→ **INFORMATION PROVIDED**

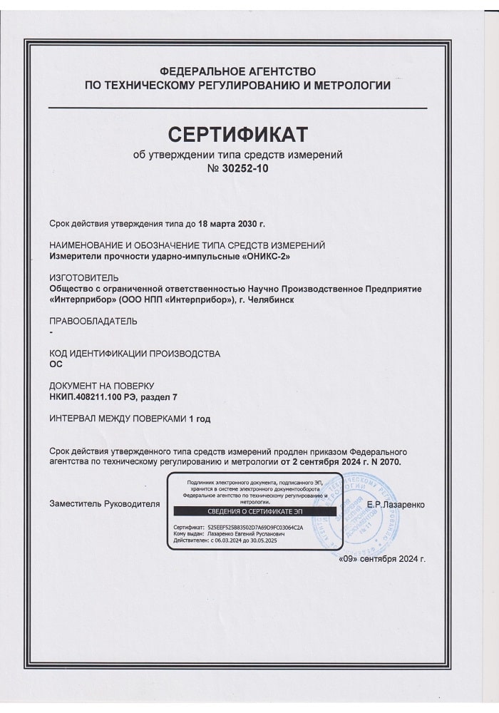 2. Датчик-склерометр, универсальное исполнение (диапазон прочностей 1...100 МПа) - 1 шт.;
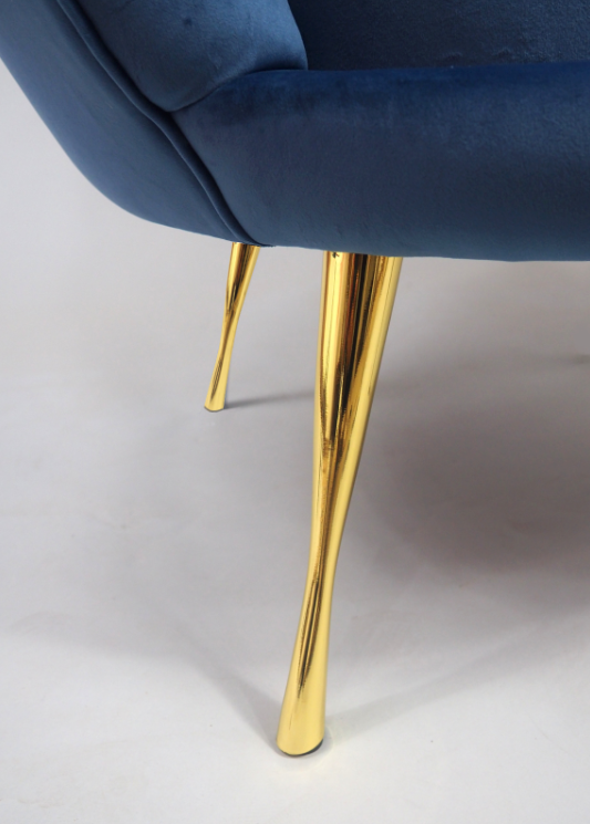 Fotel pasuje do stylu glamour, polecam kolor granatowy w połączeniu ze złotymi nóżkami.
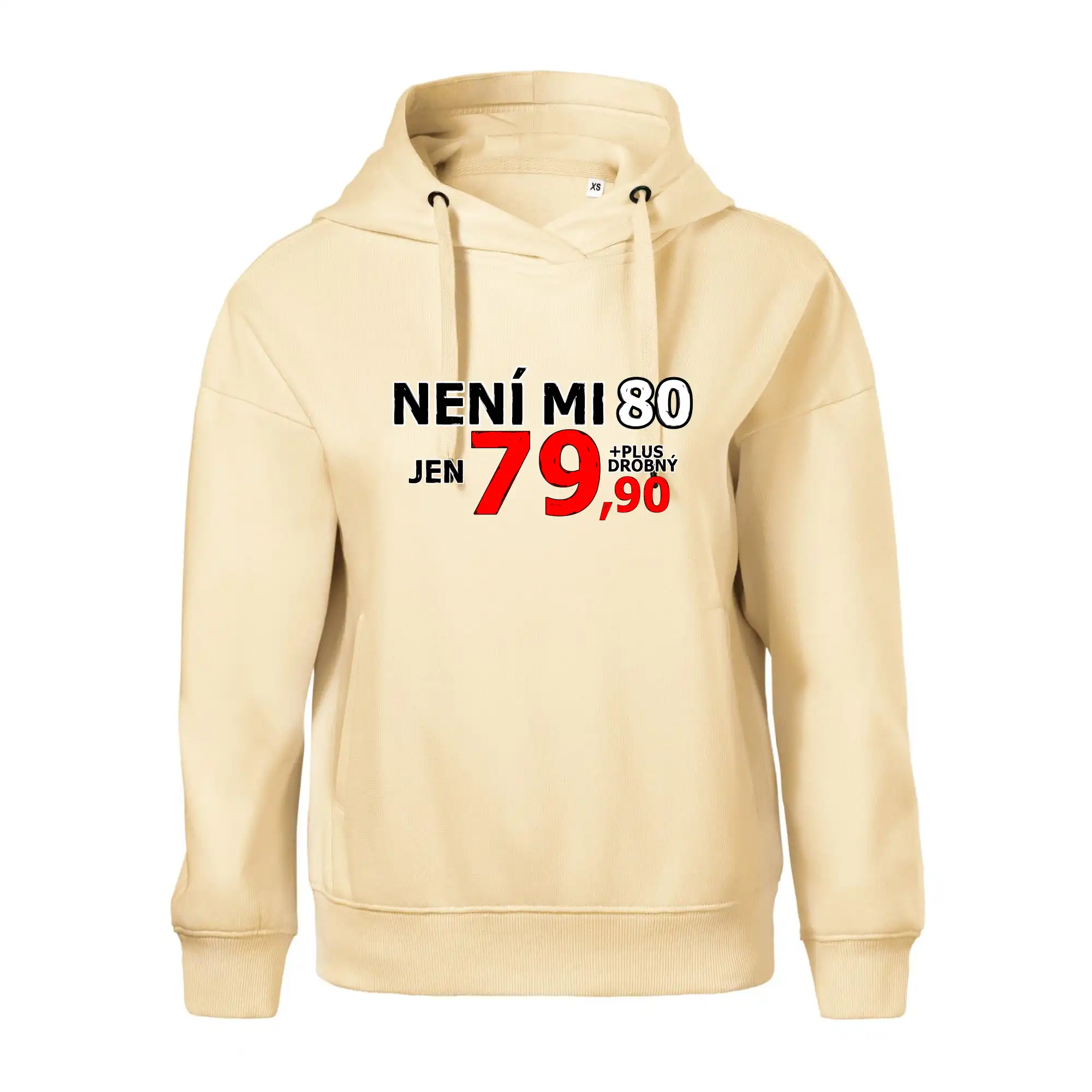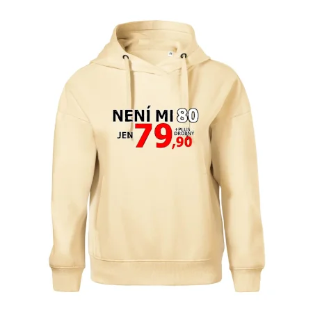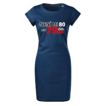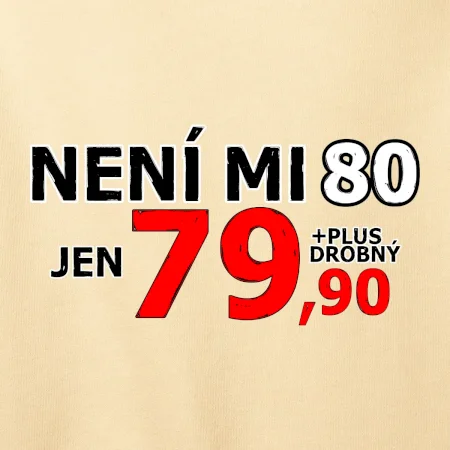 Triko s motivem "Není mi 80, jen 79,90 plus drobný". Narozeninové triko pro oslavence, který oslaví jubileum 80 let, ale připadá si mladší. Dárek k osmdesátinám. Triko k osmdesátým narozeninám.

→ **DIRECTIONS FOR THIS TASK**
Before you return the listing, strip out its pictures; all else must match exactly.

→ **REPLY TO THE EXERCISE**
 2. Датчик-склерометр, универсальное исполнение (диапазон прочностей 1...100 МПа) - 1 шт.;
 Fotel pasuje do stylu glamour, polecam kolor granatowy w połączeniu ze złotymi nóżkami.
 Triko s motivem "Není mi 80, jen 79,90 plus drobný". Narozeninové triko pro oslavence, který oslaví jubileum 80 let, ale připadá si mladší. Dárek k osmdesátinám. Triko k osmdesátým narozeninám.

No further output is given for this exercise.